Graham Leggett wrote:


I don't think that it is necessary for a mod_ajp to be

included inside


the mod_proxy, although they are sharing some common concepts.

I think it's very necessary - sharing those common concepts ultimately makes for doing things in a consistent way. It makes a big difference to the usability of httpd.




I'm sure that the 'normalization' would lead to nowhere.


Right now proxy is able to talk HTTP and FTP (and CONNECT, but it's a special case). It makes the most sense for AJP to be added to these three protocols, as there is already an established way to do this.

Consistency is very important.


Having load
balancer on top of mod_proxy would be a nice feature, but the main purpose for them is different.
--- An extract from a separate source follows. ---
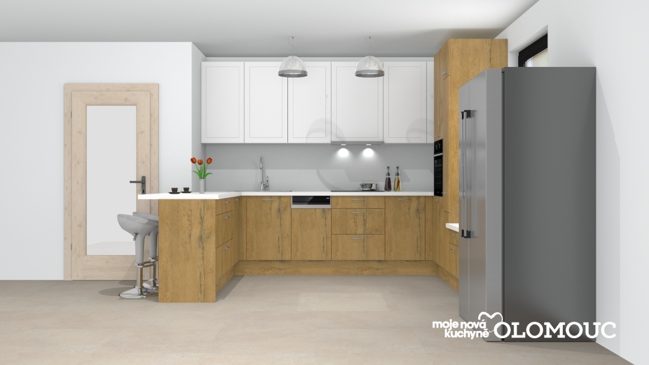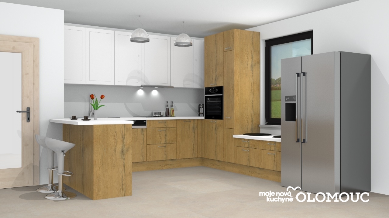 Jednoduchá klasická kuchyně v rustikálním stylu s decentním prolisem na horních skříních. Kombinace bílé barvy na horních skříňkách bez úchytek a dubu divokého na spodních skřínkách s černou antickou úchytkou, působící nadčasově. Pracovní deska v bílá sametově matná v laminátu. Výsuvný odsavač zabudovaný ve skřínce, slouží k nenarušení linie horních skříní a k udržení čistého designu. Potravinová skříň vybavená drátěnými koši v šířce 30 cm a přístrojová skříň s troubou, je ideálním řešením úložných prostor. Rohové úložné prostory jsou řešeny policovými skříňkami. Sestavu kuchyně doplňují skříňky u dřezu s výsuvem 120 cm široké a pod varnou deskou 60 cm široké. Prostor pod oknem s nízkými zásuvkami je v tomhle návrhu využit jako prostor na sezení. Celou sestavu zakončuje bar s předsazenou pracovní deskou pro pohodlné sezení.

Different to what? Load balancing is load balancing, whether the backend protocol is HTTP, AJP or FTP.




HTTP is a statles protocol, and our concept is to have a constant connection
pool to the well known application server.
So, unlike HTTP protocol we are embedding the remote application server, and
it just happens that we are doing it using the same TCP/IP protocol for
that.


I see no point on making significant effort in a feature that can only be used for one protocol, that's a huge waste of an opportunity to solve the load balancing problems of backends other than tomcat.



Quite contraty, this is the main reason. We already have jk2 that can be
used even for proxying HTTP requests. Are you wiling to write the http
protocol for mod_jk2?


The purpose of mod_ajp is to communicate with the (one or

more of them


in a
cluster) application servers using ajp13+ protocol; simple as that.
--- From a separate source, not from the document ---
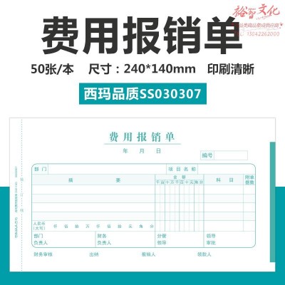 首页 > 纸及纸质品 > 纸及纸板(不包含复印纸) > 西玛(SIMAA)SS030 307 费用报销单 240*140mm 50页/本/10本/包 报销凭证粘贴单申请单借款单支出通用财务单据凭证(SKU:yzwhyp935229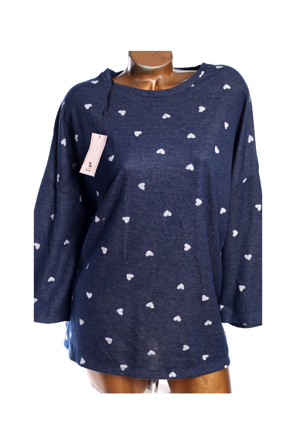 Dámský tmavě modrý lehký svetřík se srdíčky / Tu / XXXXL (52) / UK 24 / ANGLIE

Proxy allows you to communicate with (one or more in a cluster) applications servers using HTTP or FTP. The only difference is the protocol.
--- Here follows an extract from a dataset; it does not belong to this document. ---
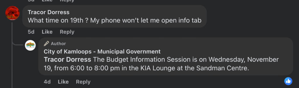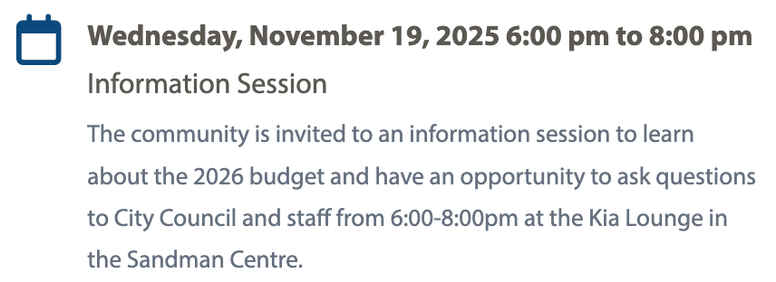 The City keeps telling the public to go to their Let’s Talk site, but that doesn’t seem to be catching on with the public. I checked out the Budget 2026 page Saturday night, and there wasn’t much to see.

Again, application server != http server.


The development of proxy_ajp could see the development of modules like proxy_loadbalance or proxy_sticky, which have general application outside of the AJP protocol.



Agreed, pehaps some day they will convolve to the single module, but right
now I don't see the point for it, especialy when the mod_proxy is well
established module.


Just rewriting mod_ajp for v2.0 isn't anything different to what exists now, so I don't see the point.



Well, that's how you see it.
IMO trying again to squize the apache2->Tomcat module inside some already
present solution would again lead to nowhere, and finally rise the questions
like we are rising today.

Not sure since mod_proxy will associate to a ajp://VIRTUALNAME, and in such case it's up to proxy_ajp to decide to :

- keep the socket open
- handle a pool of socket
- fall back to another AJP instance in the cluster.